Task item:
What is needed is an exact reproduction of the lines in the records below, starting at the line with "趋势统计与分析:以图表形式展" and ending at the line with "W dodanej reakcji", both included, and nothing else; pictures stay out.
[Start of Attachment]
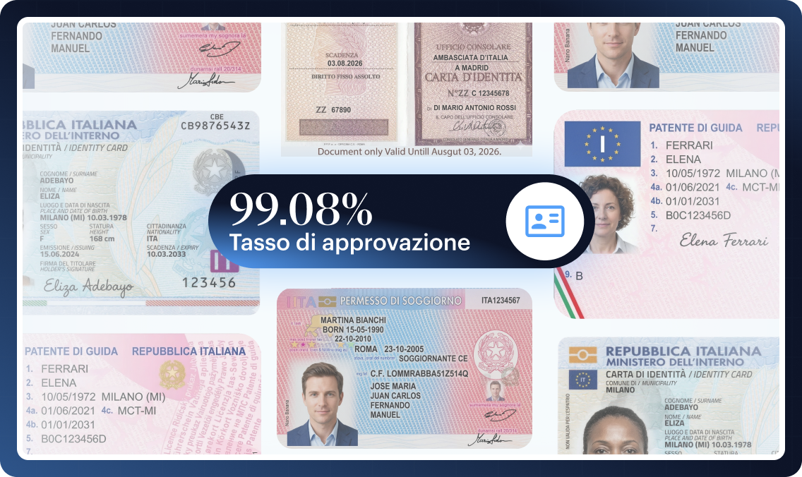 Relevant to the Italian document ecosystem, including the CIE, passports and residence permits. Shufti supports document checks, selfie verification and fallback logic across the main official identity routes.
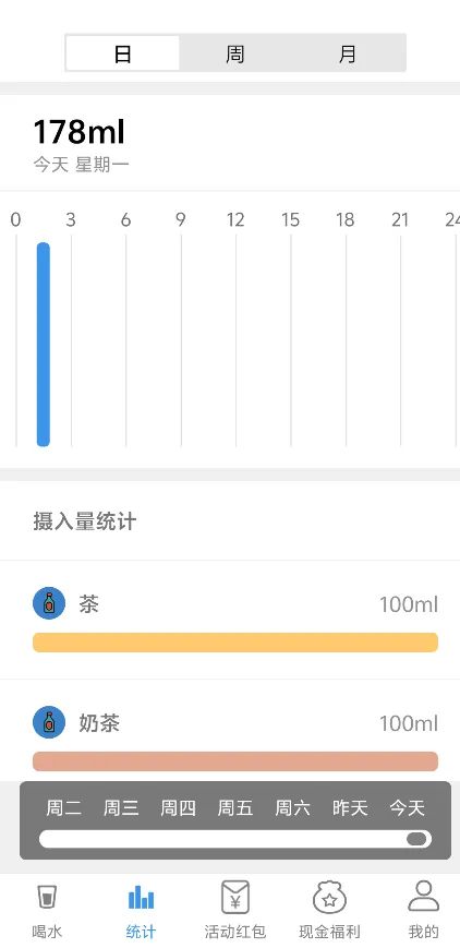 趋势统计与分析:以图表形式展示用户的饮水历史,通过日历视图或趋势图直观地呈现每日饮水情况,便于用户理解和调整自己的饮水计划。
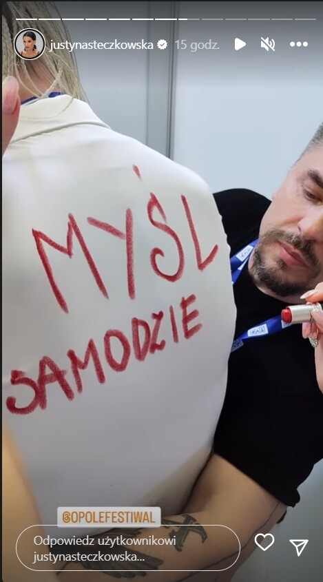 W dodanej reakcji w swoim profilu w mediach społecznościowych Justyna Steczkowska pokazała kulisy przygotowań do koncertu. Na jednym z kadrów można dostrzec, jak osoba z ekipy piosenkarki bierze do ręki czerwoną szminkę. Następnie pisze nią na plecach artystki. Wiele wskazuje na to, że hasło z koszuli wokalistki zapisze się w historii opolskiego festiwalu.
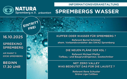 NATURA Spremberg e. V. lädt zu einer öffentlichen Informationsveranstaltung ein. Im Mittelpunkt steht die Zukunft des Wassers in der Region Spremberg. Fachleute geben Einblicke in aktuelle Entwicklungen rund um den geplanten Kupferabbau durch die KSL, die mögliche Rolle der Lausitz als Net Zero Valley sowie die Auswirkungen auf Umwelt und Infrastruktur. Die Veranstaltung richtet sich an Bürger, die sich über Chancen, Risiken und regionale Veränderungen informieren möchten. Ziel ist es, fundiertes Wissen verständlich zu vermitteln und den offenen Austausch zu fördern.
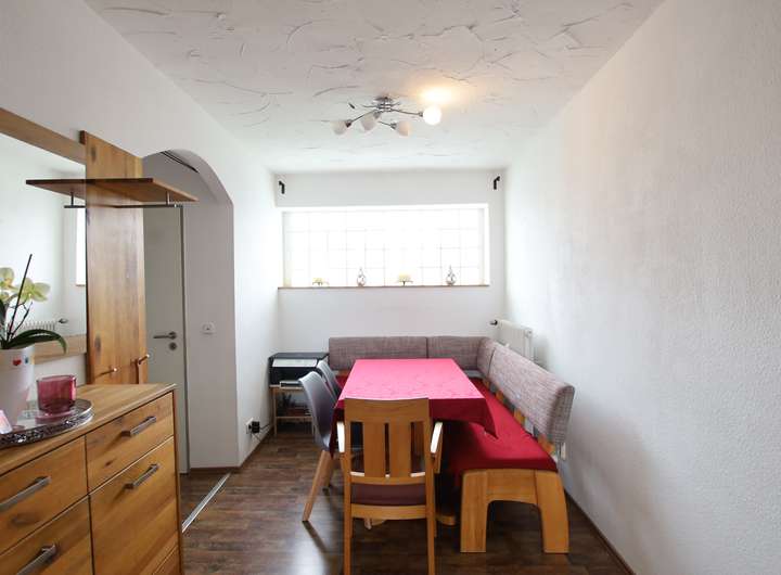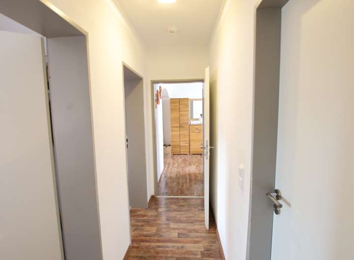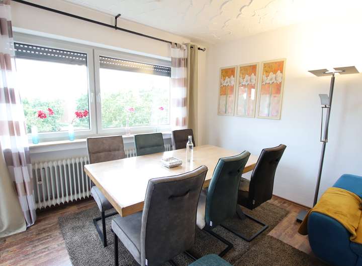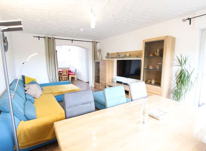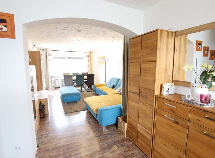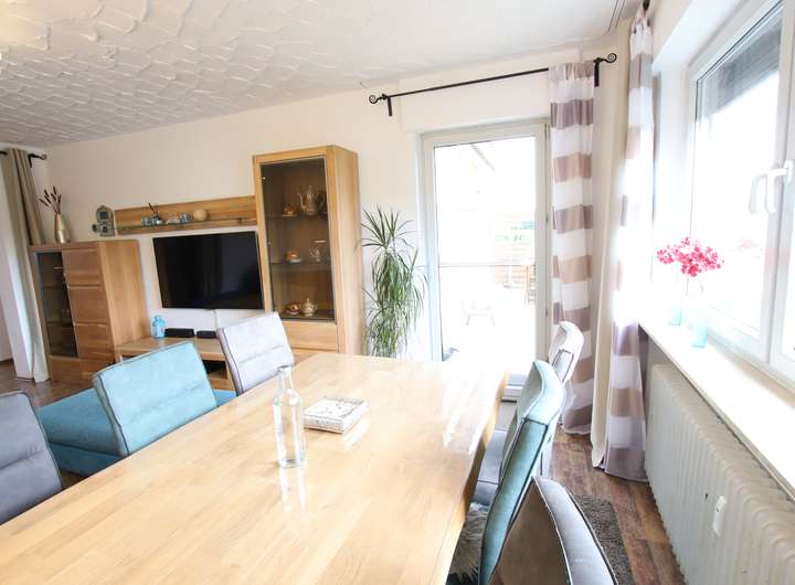 Von der einladenden Diele aus gelangen Sie in jedes Zimmer der Wohnung. Das Herzstück bildet das geräumige Wohnzimmer, welches Ihnen ausreichend Platz für gemütliche Abende mit Familie und Freunden bietet. Durch die großen Fenster genießen Sie hier viel Tageslicht und haben direkten Zugang zum Balkon, der zu entspannten Stunden im Freien einlädt.
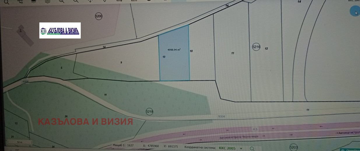 Парцелът е с площ от 5 дка, панорамен изглед към езерото, Варна в посока двете кули и частична към Аспарухов мост.
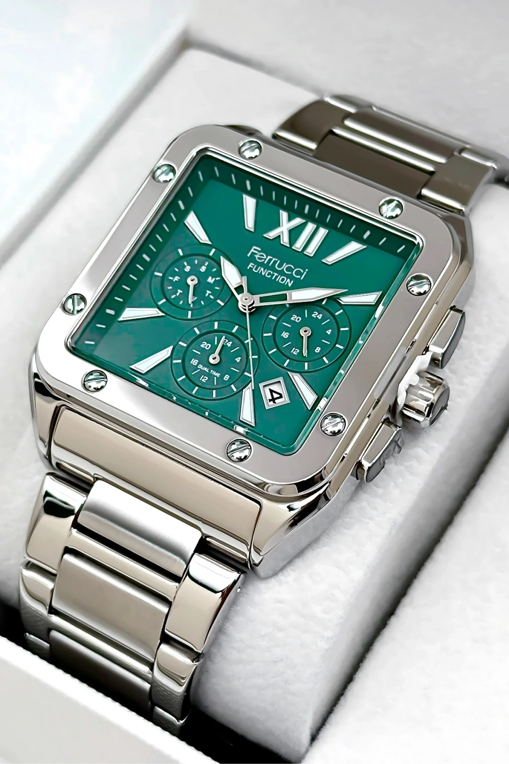 Zarif tasarımı, dayanıklı yapısı ve aktif fonksiyonlarıyla öne çıkan Ferrucci Function Erkek Kol Saati, stil sahibi erkeklerin vazgeçilmez aksesuarı olmaya aday. Çelik kasa ve çelik kordon birleşimi, hem şıklığı hem de sağlamlığı bir arada sunarken, günlük kullanımdan özel davetlere kadar her ortamda mükemmel bir tamamlayıcı görevi görüyor.
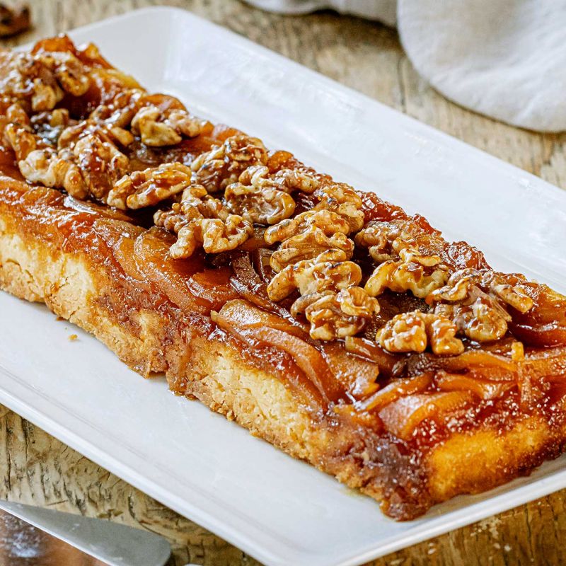 7. Let the baking pan cool on a wire rack for 5 minutes then carefully invert the apple cake onto a rimmed serving plate. Decorate with toasted walnuts, and drizzle with more of the caramel, if you like. Allow to cool for a couple of minutes before slicing. Enjoy! ❤️
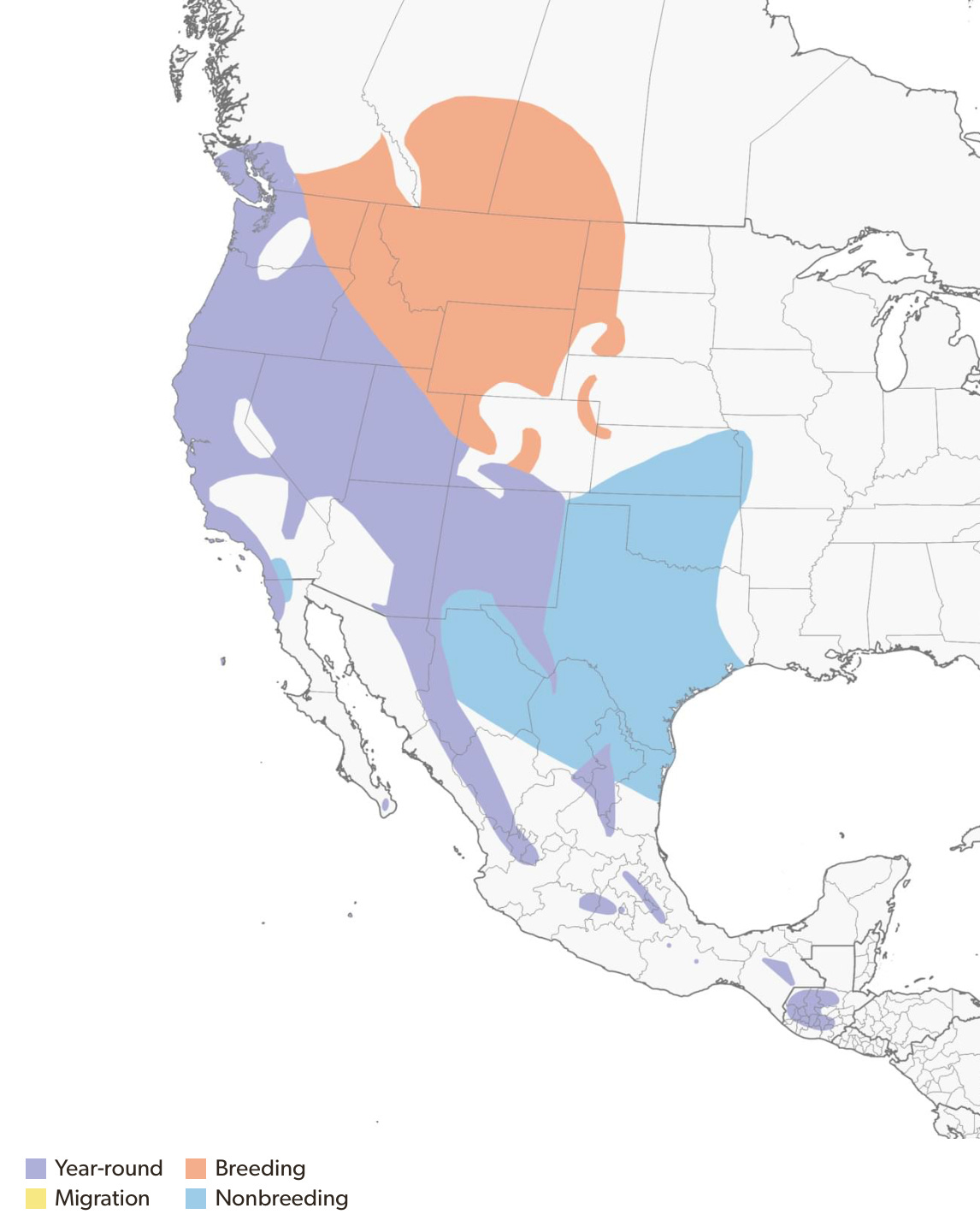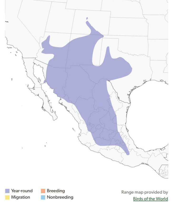 Abert's Towhees are residents of Southwestern Deserts, found mostly in Arizona. Pairs often stay together for life, and often when you see one Abert's Towhee, the other is nearby. Accordingly, some local birders refer to the Abert's as a "two-wee"! (All of the range maps in today's newsletter are courtesy of the Cornell Lab's "Allaboutbirds" site.
[End of Attachment]
Task response:
 趋势统计与分析:以图表形式展示用户的饮水历史,通过日历视图或趋势图直观地呈现每日饮水情况,便于用户理解和调整自己的饮水计划。
 W dodanej reakcji w swoim profilu w mediach społecznościowych Justyna Steczkowska pokazała kulisy przygotowań do koncertu. Na jednym z kadrów można dostrzec, jak osoba z ekipy piosenkarki bierze do ręki czerwoną szminkę. Następnie pisze nią na plecach artystki. Wiele wskazuje na to, że hasło z koszuli wokalistki zapisze się w historii opolskiego festiwalu.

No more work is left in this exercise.